I think it's more like people forgot the equations they memorized the night before, and they don't know how to derive it.
buffordboy23
#18
Apr4-09, 10:10 AM
P: 540
Quote Quote by khemix View Post
I'm surprised you'd defend science and not history, as I was expecting more criticism for removing a history course which at least gives young students culture.
I just now had a chance to read your response. Don't get me wrong. I think history is important too, because of the reasons you mentioned and more. My window of perspective in the educational world was science, so I know now how important the structuring of the K-12 science curriculum is rather than the history curriculum.

The OP's post falls under the general category of how we can improve mathematics education. It's funny that you mentioned the removal of certain elementary school subjects to achieve this end, since I know that some school districts in the U.S. have previously done so to focus on mathematics. Why did they do this? Because of their students' poor performance on high-stakes standardized tests and the negative consequences that would follow.

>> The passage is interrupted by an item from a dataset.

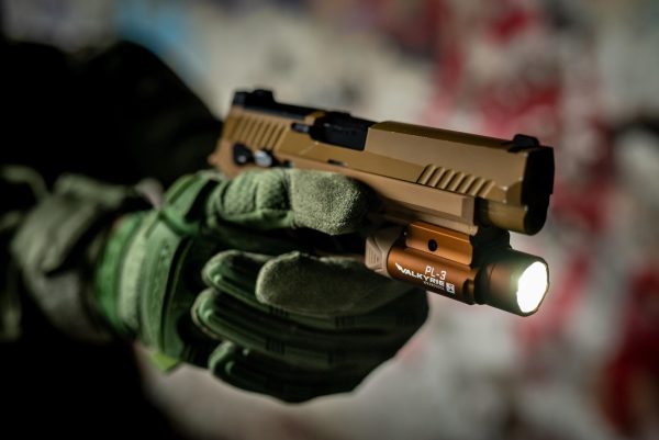 Пистолетният фенер с Olight Olight PL-3 Valkyrie 1300 Лумена е компактен оръжеен фенер, който може да бъде прикрепен на релса GLOCK и адаптер за релса Picatinny, с която се закрепи към оръжието. Позицията на фенера спрямо скобата може да се променя с помощта на тристепенна настройка. Valkyrie PL-3 може да се прикрепи към релсата с лесна за използване винтова приставка. Фенерът се притиска в шината директно от мястото на закрепване, което гарантира добро застопоряване при екстремни условия. Въпреки малкия си размер, той произвежда светлинен поток до 1300 лумена и обхват от 225 метра. Светлинният лъч на фенера е оптимална комбинация от дифузна светлина и прожекторна светлина. Захранван от две батерии CR123A.
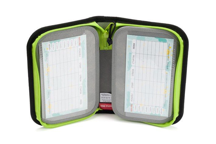 Jednopatrové penály mají velkou kapacitu k umístění psacích potřeb. 23 pevných gumiček různých velikostí k pohodlnému uložení větších pastelek nebo psacího pera, pravítka, ořezávátka a gumy. Vnitřní dvě chlopně mají na vnější straně průhlednou kapsičku na rozvrh či jiné malé dokumenty. Na vnitřní straně je kapsička na drobnosti, uzavíratelná patentem. Novinka: zipy jednopatrových penálů jsme letos vylepšili šňůrkou na jezdci zipu, který usnadní dětským prstům otevírání a zavírání penálu. Dokonale barevně sladěný design s aktovkou či batohem je samozřejmostí.

In my opinion, this is not the answer. The thinking is somewhat analogous to throwing more and more money into education in the hopes that achievement scores will rise. Elementary subjects are the foundation of higher learning, so we must not sacrifice them. It's unfortunate that your science teacher was not qualified to teach science (although they may or may not have their teaching certificate), but this is one part of the problem, which also pertains to mathematics education. From my experience as a student and as a teacher, I see that much of mathematics education is based upon memorization. This does not lead to true understanding of the subject. Moreover, not exposing students to proofs and similar methods of mathematical thinking in their K-12 education is a great disservice to our students, because this is the central force that drives our discoveries in mathematics and students don't recognize and appreciate that.